The Crimson Tide host cellar-dwelling Missouri on Saturday in this time of adjustment for Johnson, who was a player on San Antonio's 1999 title team and was named NBA coach of the year in 2006 after guiding Dallas to its first championship series appearance.

"These guys have to go to class," Johnson said, "and you're dealing with moms more than you're dealing with wives, like at the next level."

Pearl defends LSU

LSU traveled to Auburn on Tuesday and put an 80-68 thumping on Bruce Pearl's Tigers.
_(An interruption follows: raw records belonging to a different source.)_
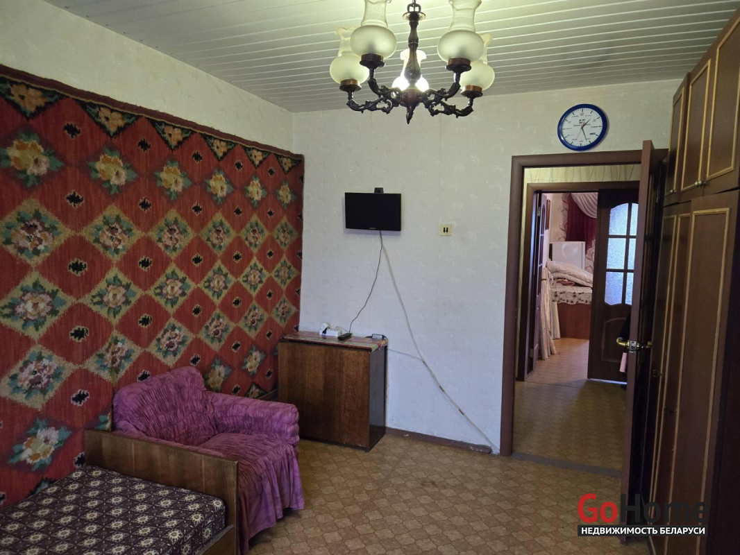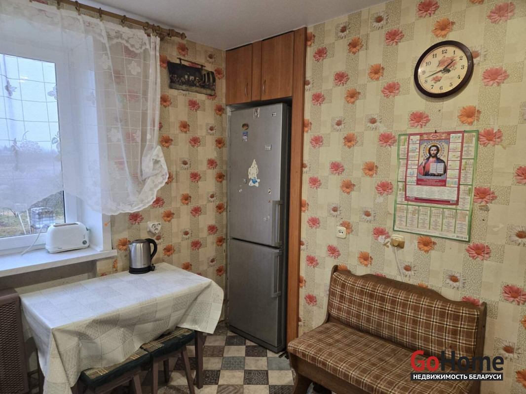 В квартире установлены окна ПВХ, отделан пластиковыми панелями балкон, на полах линолеум и есть всё необходимое для проживания. Инфраструктура: два магазина, привозят почту, курсирует школьный автобус- подвоз детей в сад и школу, в соседний аг. Голоцк. Достаточно парковочных мест.
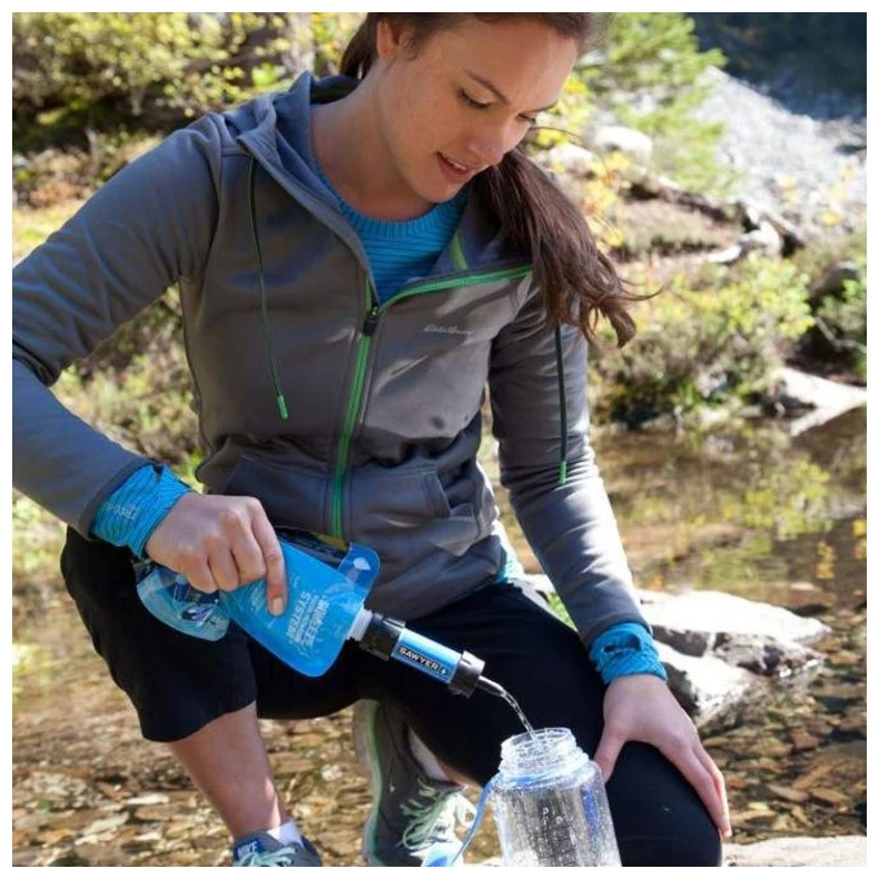 Die Anwendung ist einfach: Füllen Sie Wasser aus einem See, Bach oder Fluss in die Flasche/den Beutel, schrauben Sie den Filter Sawyer darauf und schon haben Sie vier Möglichkeiten:
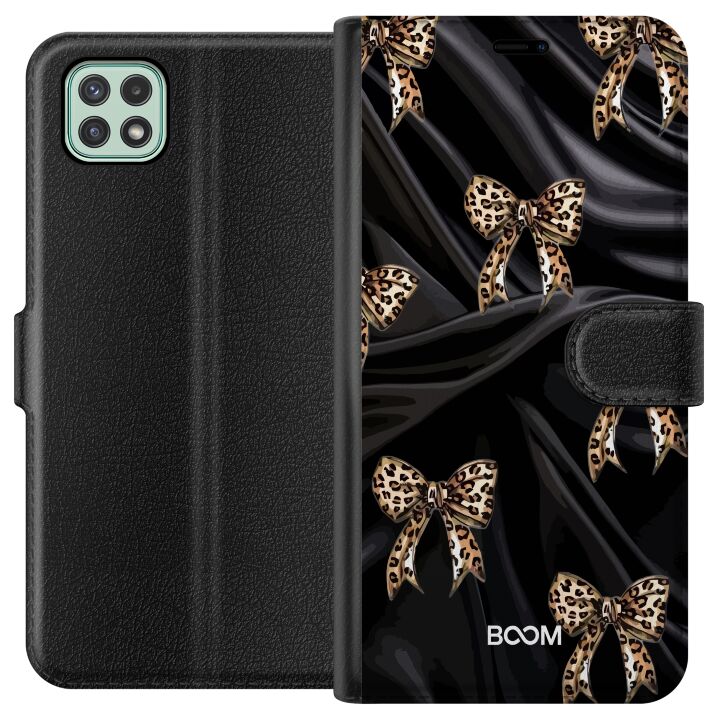Plånboksfodral för Galaxy A22 5G med Leopard Bow -design. Fodralet kombinerar stil och funktion – ett slitstarkt mobilskal som skyddar mot repor och stötar samt praktiska kortfack på insidan.
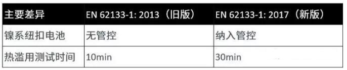 其中,在鎳系電池部分,EN 62133-1:2017與原標(biāo)準(zhǔn)對(duì)比,兩者的差異體現(xiàn)在主要測(cè)試的更新,如熱濫用測(cè)試時(shí)間從10分鐘改為30分鐘。

That win improved talent-rich LSU to 14-8 overall and 7-2 in SEC play, but did it silence the critics?

"LSU is getting way too much negative publicity," Pearl said. "They're a young team starting two sophomores and a freshman, and their three losses in January were at Florida, at Texas A&M and a last-second buzzer-beater against the best team (Oklahoma) in the country.

"It's time for people to get off their backs and start getting them some credit for blending a talented and young team. Personally, I would love to see them go on a run just so some of the people criticizing them would have to eat their words."

LSU coach Johnny Jones has been blasted for not getting the ball to phenomenal freshman Ben Simmons more in last Saturday's 77-75 loss to the Sooners. Simmons took seven shots, making six of them.

"People talk about getting Ben Simmons the ball at this time or that time, but I love a guy who is willing to make the pass and make his teammates better," Pearl said. "That's what I love about him at the next level. He takes good shots and gives teammates better shots."

Great Gator now

Florida is 15-7 overall and 6-3 in SEC play following an 87-83 escape of Arkansas on Wednesday night, when the Gators' Dorian Finney-Smith, a 6-foot-8, 220-pound senior forward, had 22 points and nine rebounds. Finney-Smith is averaging a team-high 30.6 minutes, 15.1 points and 8.2 rebounds per game.

"We're just shooting the basketball a lot better this last month than we were at the beginning of the season," Florida first-year coach Mike White said, "but the biggest factor for us is that Dorian Finney-Smith has gone from a good player to an elite-caliber player."